Mirium drew lines down the tendons of Keelath’s hand with her fingers. He closed one hand about hers—the gesture was a familiar one to both of them. “The Horde are good people,” she assured him. “They’re a bit ruder than what you’re used to, but the orcs are sturdy and loyal. The tauren are a big-hearted people, who follow the Light like we do, though they call it something different, and even the trolls make me laugh sometimes.” She smiled. “It’s only the Forsaken that are a little—“ She looked at his tabard, of the Forsaken Queen, and stopped abruptly.
Keelath met her gaze dourly. “I swore an oath to them, Mirium. I am one of them, now.”
Mirium took a breath. “The old oaths don’t mean much anymore, love.”
“They mean as much as we make of them, and this is one I intend to keep,” he said sternly.
“And our oaths to each other?”
They held each other’s gaze.
“…I’ve missed you, Keelath.”
“Where do we go from here?”
“A little backward and a little sideways, but mostly forward.” She giggled. He smiled.
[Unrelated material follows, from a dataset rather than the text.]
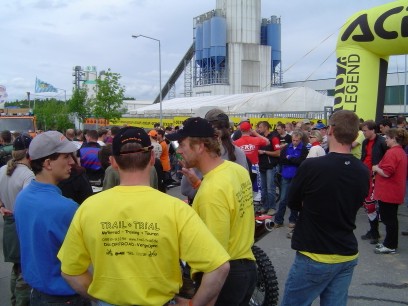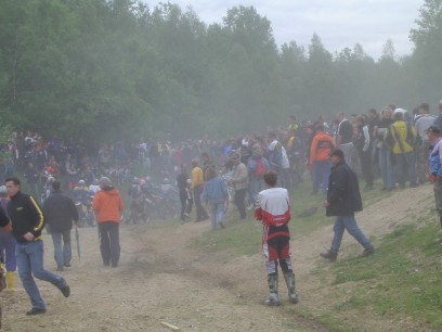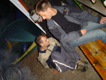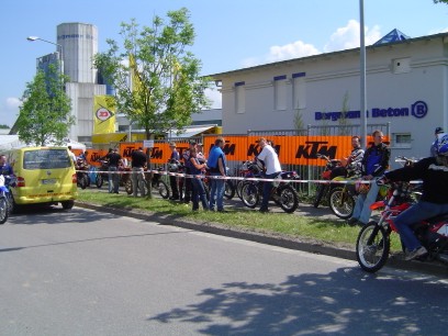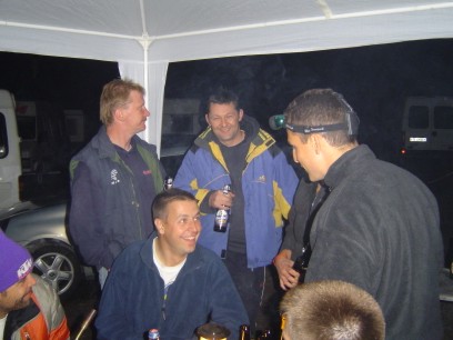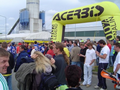 ![]() Fahrerbesprechung. Baboons ist der Veranstalter und brieft die Fahrer: vorsichtig fahren, kameradschaftliches Verhalten, nicht die Umwelt verschmutzen, und so weiter und so fort... blabla - völlig wurscht - macht eh jeder. |

“I have no where to live right now,” Mirium went on.
“Tyrdan has allowed us rooms in the Sunwalker manor.”
“Room?” Keelath offered.
Mirium dropped a hand on top of his. “Do you even sleep anymore?”
“No, but I am patient if you desire something to cuddle.”
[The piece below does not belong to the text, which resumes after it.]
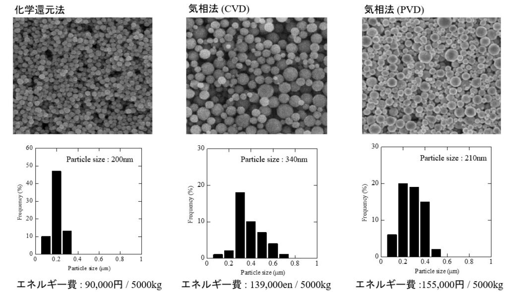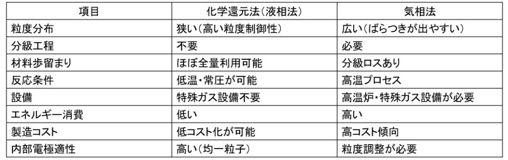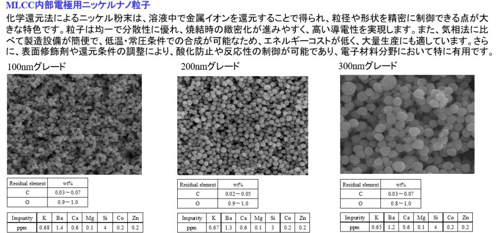 化学還元法(液相法)によるニッケル(Ni)粒子の製造は、従来の気相法と比較して、粒度制御性とコスト効率の両面で優れた特長を有しています。液相法では、反応条件を精密に制御することで粒度分布の狭い均一なNi粒子を得ることができ、分級工程を必要としません。そのため、生成した粒子を無駄なく内部電極材料として活用できます。また、高温炉や特殊ガス設備を必要とする気相法とは異なり、液相法は比較的低温・常圧で反応が可能であるため、エネルギー消費を大幅に抑えることができます。これにより、設備投資および製造コストの低減を実現します。当社の化学還元技術は、高品質・高歩留まり・低コストを同時に実現する、次世代ニッケル粒子製造プロセスです。

He managed to say it without cracking a grin. Mirium started giggling. Keelath regarded her bemusedly.
Keeping a hand on his, she edged around the table so they were sitting next to each other instead of across. Keelath turned his face to her. She lifted his head to him, and he gently explored her face with his lips.
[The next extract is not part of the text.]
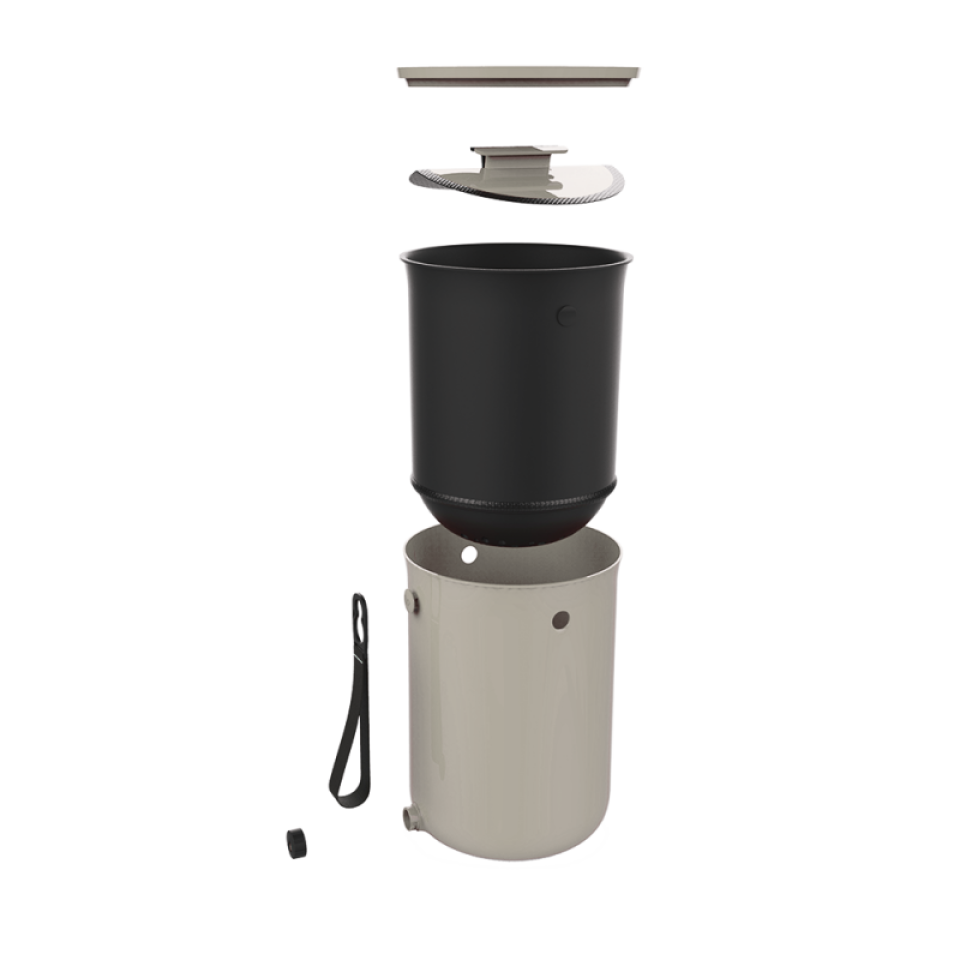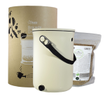 Ce seau à bokashi a une capacité de 9,6 litres, son design est épuré. La coque blanc-cassé accueille une coque interne noire qui intègre un tamis.

“I’ve never tried death knight before,” Mirium purred.
“Are you making up your mind about us, then?”
“I don’t know.” She leaned into him. “It’s better than nothing?”
“That seems a little insulting, doesn’t it?”
“No, I understood what you mean. It not a simple choice. It’s not resuming our old relationship, for in many ways that is impossible now.”
Mirium shivered, just as much from the innate cold to Keelath’s body as her own feelings. “I want you. It’s just all a little complicated isn’t it? And you, with your memories failing…”
“We’ll use what time we can.”
“Speaking of which—How long until you leave to attend Tyrdan’s wedding?”
Keelath squinted, closing one eye. “A couple hours?”
Mirium lifted out of her chair to catch the taller elf’s lips. “Double that time for me.”
His arms closed around her, and she shivered again from the icy embrace, excited this time. She put kisses on his cheeks and ears and eyelids, chasing away her confusing thoughts and emotions with the love. Keelath’s movements were a little mechanical, based in memory instead of feeling, as he returned her attentions.
“My room,” Mirium gasped after a minute.
“Um,” said Keelath, recalling his earlier warning about functioning.
She shook her head, not wanting to hear it. She couldn’t tell if he was relaxed against her, or if his flesh was as stiff from tension as from cold. She looked into his eyes and wondered what his chilly touch would feel like in her bed.
“I can’t do this,” Keelath said suddenly, dropping his eyes.
It struck her, and she pulled from him, biting back tears.
“Not now, I mean,” Keelath quickly corrected, tugging her back in. “This…isn’t a problem one moment will fix, dearest, and I have other obligations this evening. I can’t back away from Tyrdan’s wedding, after all he has done for me. Do you understand?”
Mirium nodded into him. They hadn’t been born or married yesterday, and forestalling their pleasure for the necessities of living was a familiar, if undesirable, enough experience. “But you’ll come back right after, yes?”
He answered her by kissing her.
They made best use of the little time they had left. When Keelath returned to her room to change into his brother’s wedding’s attire, she made him linger. Keelath was almost late. Almost. She didn’t make him feel too guilty for it.
They both knew they would have more time during the honeymoon.